Старичок обернулся к нему, засмеялся.
— Мир, — ответил он. — Ты еще не видал мир-то?
— Не видел.
— Ну, так я тебе покажу, постой-ка.
Он положил торбу в повозку и принялся без всякой спешки отстегивать верх с одной стороны. Отстегнул, откинул — показался ящик с застекленным окошечком.
— Постой-ка, постой, — бубнил старичок, отыскивая что-то на земле; поднял хворостинку, подсел на корточки к фонарю и зажег ее, делая все неторопливо, основательно.
— Гори, разгорайся! — уговаривал он хворостинку; потом, защищая ее ладонями от ветра, подошел к ящику, поднял крышку и зажег хворостинкой какой-то фитилек внутри.
— У меня там масло, — объяснил он. — Кое-кто уже карбидом светит, да… от карбида глазам очень больно… И вещь-то такая, взорвется — и на тебе; еще покалечит кого.
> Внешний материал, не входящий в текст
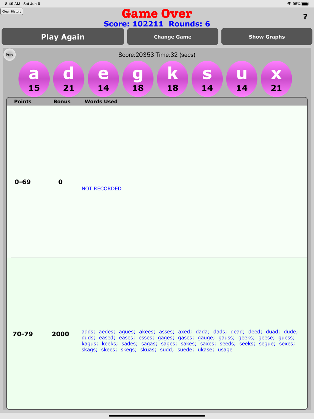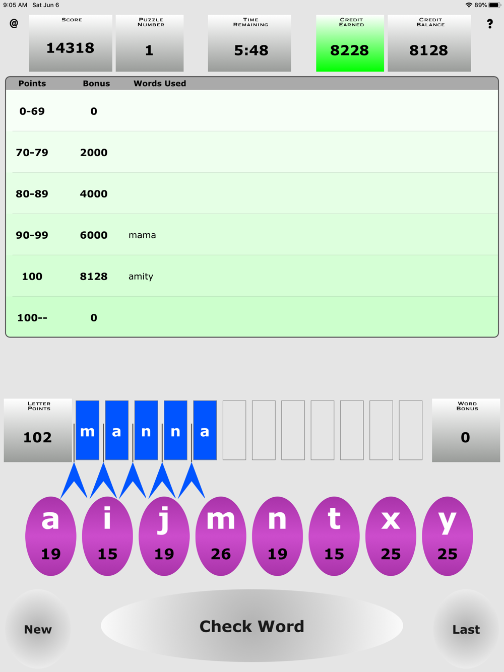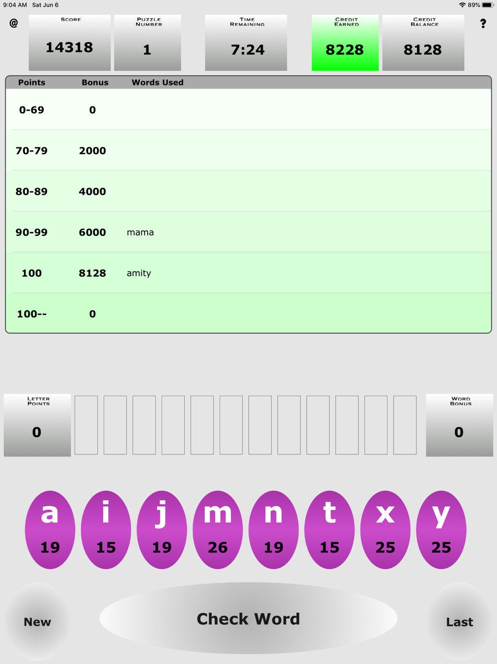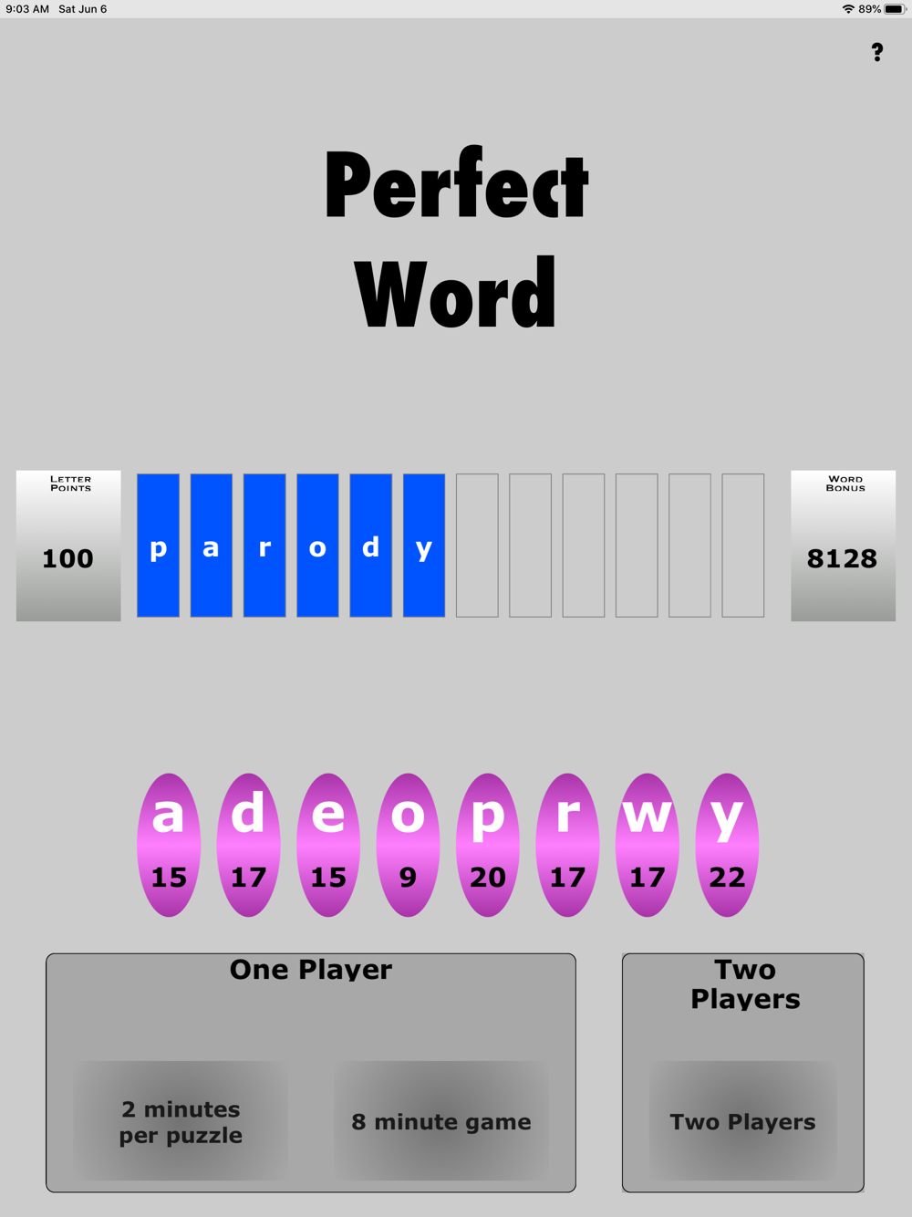 Perfect Word is a challenging game for one or two players in which the objective is to accumulate score by building words form from letter puzzles. A puzzle consists of eight letters with point values. Each valid word found in a puzzle earns the sum of the point values of each letter and a bonus based on how close the word is to perfect. Finding valid words in a puzzle usually easy; finding perfect words is hard.
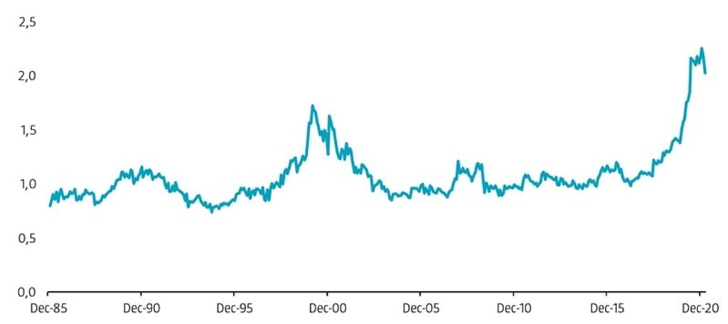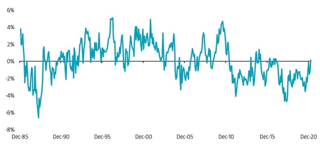 The long-awaited value comeback was triggered by the announcement of successful Pfizer-BioNTech Covid-19 vaccine candidate results on 9 November 2020. This culminated in strong returns for the value factor in the first quarter of 2021. Despite this rally, the spread in valuation multiples between expensive and cheap stocks remains at exceptionally high levels. Indeed, Figure 1 shows that the gap has surpassed levels last seen at the height of the tech bubble in the late 1990s, based on an enhanced value factor.1
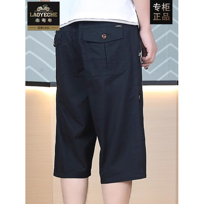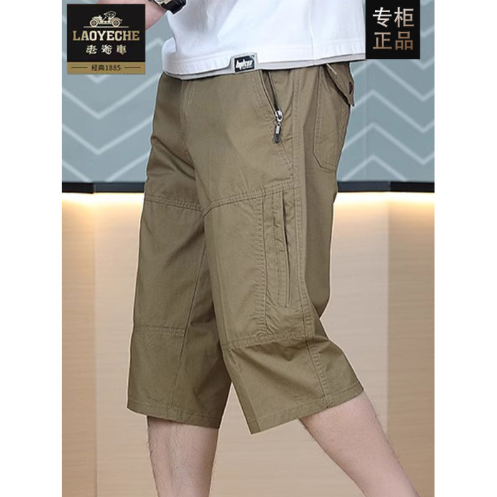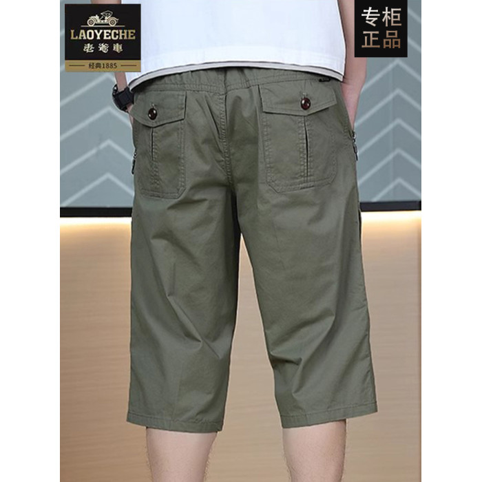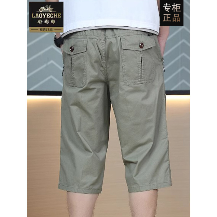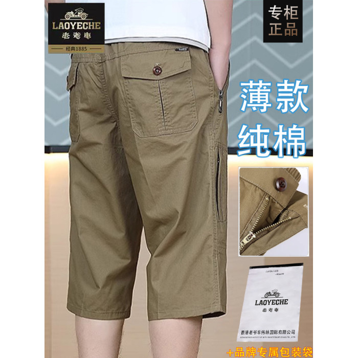 老爺車純棉工裝七分褲男士中老年休閒短褲夏季薄款寬松直筒濶腿褲

А масло все равно как в церкви.
Он наклонился к окошку, заглянул внутрь светлыми глазами.
— Хорошо видать. Ох, красота какая! — восторженно прошептал старичок. — Ну, иди смотри. Пригнись только, сделайся… маленьким, как дети. Вот так…
Прокоп наклонился к окошку.
— Это греческий храм господен в Джирдженти*, - серьезным тоном стал пояснять старичок, — на острове Сицилии; посвящен богу, сиречь Юноне Лацинии. Ты на колонны посмотри. Из таких глыбин вытесаны, что целая семья может обедать на каждом обломке. Подумай только, работа-то, какая! Крутить дальше? Это вид с горы Пенегал в Альпах, когда солнышко садится. Снег тогда загорается таким дивным прекрасным светом, как здесь показано. Это альпийский свет, а та гора называется Латемар. Дальше? Вот священный город Бенарес в Индии; и река там священная, грехи очищает. Тысячи людей нашли здесь, чего искали…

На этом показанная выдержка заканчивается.